This is our review of the best irons for beginners and high handicappers in 2022.

Buying your first set of golf clubs may be the most important and exciting phase throughout your golf journey. Sadly for most beginners, they dump heaps of money on a slick-looking golf club, just to realize that they can’t use them.

For beginners, they need to prioritize forgiveness first and distance second when picking their first set of golf clubs, especially for their irons. For that reason, we found the TaylorMade SiM MAX irons to be the best irons for beginners and high handicappers for their fair price, quality build, high forgiveness, and great performance.

Throughout our years in golf, we’ve seen too many golfers (particularly beginners) quit from having a bad experience with their new golf clubs. That said, we want to make sure your first set of irons won’t let you down. In this review, we’re going to list out all the best irons for beginners and high handicappers available to you right now. We’ll also cover important factors to consider when buying your first set of irons after the reviews below.

Let’s get started.

Our Top 6 Picks

  1. TaylorMade SiM MAX (Best Irons for Beginners)
  2. Cleveland Launcher HB Turbo (Runner-Up)
  3. Cleveland Launcher CBX (Runner-Up 2)
  4. TaylorMade P790 (Best Premium Irons for High Handicappers)
  5. Callaway Rogue (Best All-round Budget Iron Set)
  6. PING G410 (Best Small Club Head For Beginners) 

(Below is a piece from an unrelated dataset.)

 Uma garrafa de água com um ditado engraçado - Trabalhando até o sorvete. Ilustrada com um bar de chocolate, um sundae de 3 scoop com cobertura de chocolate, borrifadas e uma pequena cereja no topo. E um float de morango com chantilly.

6 Best Irons for Beginners & High Handicappers 

Every option in this list meets most of the criteria in our iron’s buying guide covered below.

1. TaylorMade SiM MAX Irons (Winner: Best Irons for Beginners)

Pros
  • Designed to generate great distance with a forged-like feel
  • Very forgiving
  • Decent feedback for a cavity-iron
  • Thinner face for increased ball speed
  • High-tech
  • High MOI and perimeter weighting
  • Bang for your buck
Cons
  • Not the newest model
  • No hybrid option

TaylorMade has been dominating the driver and iron industry for the last decade and has a long track record for being one of the most trusted and successful golf manufacturers in history. 

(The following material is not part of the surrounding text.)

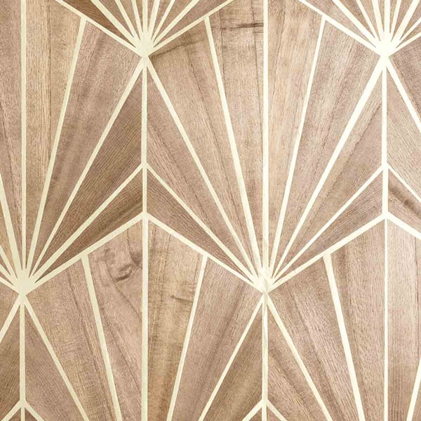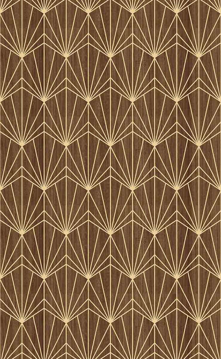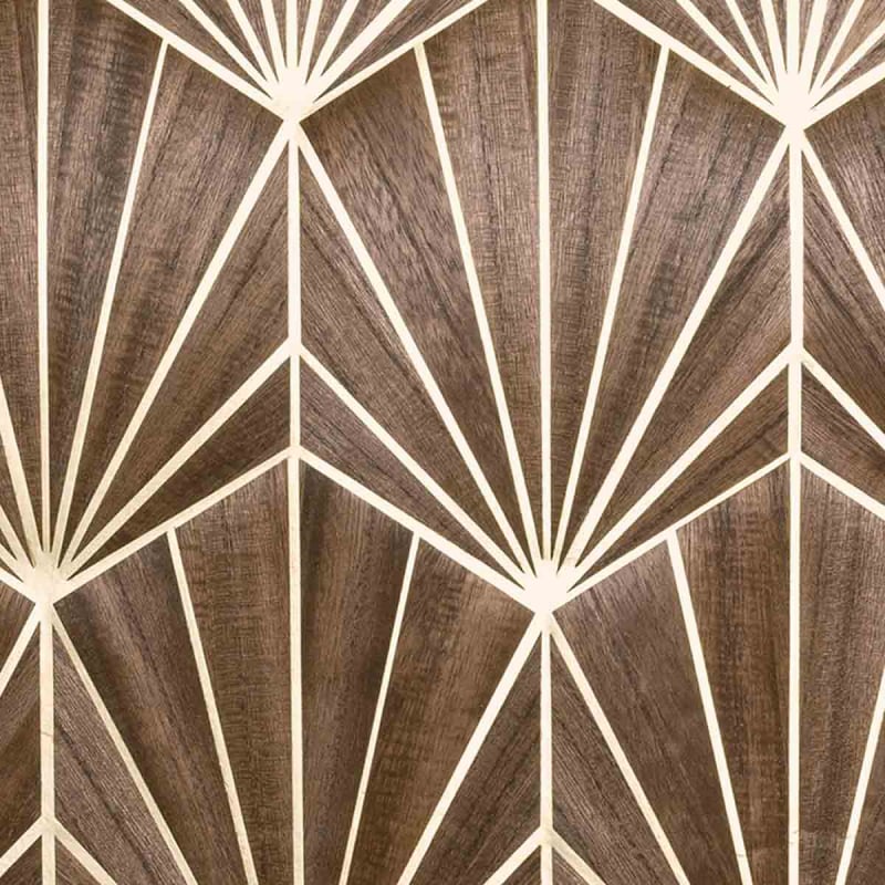 Mythique est un revêtement mural signé Casamance, dont le motif géométrique évoque l’art de la marqueterie avec une intensité graphique. Des éclats de bois, déployés en éventail, révèlent la noblesse des matières, savamment juxtaposées. L’assemblage manuel souligne la richesse naturelle de l’essence. La composition suggère un mouvement subtil, entre rigueur symétrique et vibration organique.

The TaylorMade SiM Max is the best bang for your buck set of irons you can get. It checks out all the key features we want for the best irons for beginners and high handicappers. 

  • Forgiving
  • Performs great
  • High-tech
  • Stylish
  • Budget-friendly
  • High-quality build
  • Cavity-back with a forged-like feel
  • Decent feedback

One of its main features starts with its Echo Damping System which improves its MOI, removing any vibration or twisting of the golf club from off-center mishits. This, along with its low center of gravity (CG) makes it easy for you to launch the ball high and far. Off-center hits are also straightened out for you, which will greatly improve your playing abilities at the golf course.

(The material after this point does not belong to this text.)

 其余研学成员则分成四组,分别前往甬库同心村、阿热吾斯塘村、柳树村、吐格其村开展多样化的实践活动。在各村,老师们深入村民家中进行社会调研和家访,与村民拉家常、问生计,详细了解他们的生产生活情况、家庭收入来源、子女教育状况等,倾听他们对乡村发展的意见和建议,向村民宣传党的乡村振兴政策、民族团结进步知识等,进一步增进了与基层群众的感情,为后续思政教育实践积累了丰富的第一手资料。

Unlike most clubs in this list, the SiM MAX provides good feedback from its forge-like feel. This is possible thanks to TaylorMade’s Speed Bridge technology, allowing the SiM MAX’s face to be 17% thinner than previous models with a well-supported topline. Combined with their Progressive Inverted Cone Technology, the sweet spot is increased and side spins are minimized, leading to less severe slices or hooks and better accuracy.

TaylorMade’s iconic Thru-Slot Speed Pocket is also fitted on these irons. With these, your ball speed and distance are maximized, and nothing feels better than a bombed iron shot.

One thing to keep in mind is that there are three more models of the SiM MAX as of 2022. Those models are the SiM MAX OS, SiM 2 MAX, and SiM 2 MAX OS. Of course, the SiM 2 MAX series are the newer versions of the SiM MAX that were released in 2020. However, since they’re slightly more expensive and feel relatively the same as the regular SiM MAX, we’re not recommending them here. The OS series are super-game improvement irons, meaning they have a larger club face and are a lot more forgiving than their non-OS counterpart. However, even though they are a preferred option for beginners, we believe that the SiM MAX is still the better option in terms of forgiveness to performance ratio. 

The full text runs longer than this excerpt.